A small squad of veterans – two from Santa Rosa, three from Sonoma and one supporter from Ukiah – attended the June 23 meeting, military hats on their heads, to hear out the supervisors and listen to the proposition, which the board approved unanimously.
But some Sonoma veterans remain dubious.
“I don’t trust politicians unless they’re my neighbors and they’re discussing the neighborhood,” said Robert Piazza, Vietnam veteran and judge-advocate for the Valley’s VFW post, who’s acting as legal counsel for Sonoma VFW and the American Legion. “So I don’t trust third parties that don’t care about the veterans.”
But county General Services director Tawny Tesconi said that opening a competitive bidding process to determine who will manage the building on behalf of the county shouldn’t be cause for alarm. “There are several private and public organizations interested in this management,” Tesconi said. “General Services still has jurisdiction over the managers. We will know about everything they do.”
The county built its veterans buildings in the 1950s in accordance with the GI bill and the California Military and Veterans Code. The county assigned management of the Santa Rosa, Petaluma and Cotati buildings to the nonprofit organization United Camps, Conferences and Retreats (UCCR). The Sebastopol Center for the Arts operates the Sebastopol building.
The county spends roughly $700,000 annually to cover operating expenses for six of the seven buildings. Sebastopol receives no general fund money due to its management by the Sebastopol Center for the Arts.
But Piazza, who’s also CEO of the Price Pump Company, says he hasn’t been overly impressed by what he’s seen from other third-party vet-building managers in the county.
“Look at the Sebastopol building. They removed the signs and some medals, which violated the California Military and Veterans Code,” Piazza points out.
Piazza says UCCR is “a mixed bag” – having heard good things about them from Petaluma-area veterans, but problems in Santa Rosa, for instance, such as failure to unlock the building for events, etc. “Veterans have certain rights to these buildings and we don’t want to deal with managers who schedule public events without knowing we have priority,” said Piazza, voicing his concern.
Piazza added that even though veterans get preferential treatment with event leasing, the buildings are for public use and encourage the public to take advantage of them.
“These are taxpayer buildings, so they should get taxpayer use,” he said. “But they’re in such a state of disrepair they’ve become unattractive.
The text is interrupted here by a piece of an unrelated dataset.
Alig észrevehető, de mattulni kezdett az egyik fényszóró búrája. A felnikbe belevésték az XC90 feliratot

Why don’t the supervisors take care of the buildings their constituents paid for?”
As it happens, the county recently conducted a building-condition assessment to rate the veterans facilities and compare the cost of rebuilding from scratch versus repairing the accumulated problems – things like broken air conditioning, threadbare carpeting and aging electric wiring.
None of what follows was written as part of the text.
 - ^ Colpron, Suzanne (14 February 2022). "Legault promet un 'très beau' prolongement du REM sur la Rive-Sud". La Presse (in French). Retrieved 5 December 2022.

Complete replacement of all seven buildings would cost the county nearly $53 million, while repairing the buildings was estimated at between $28 million and $38.5 million. The assessment recommended “replace” for most of the buildings; the lone exception was Guerneville, which scored a “poor” rating, ostensibly indicating that repairs could bring it back to life. The assessment only gives the supervisors a general idea to the states of the buildings. There is no guarantee the board will act in accordance to the assessment’s recommendations.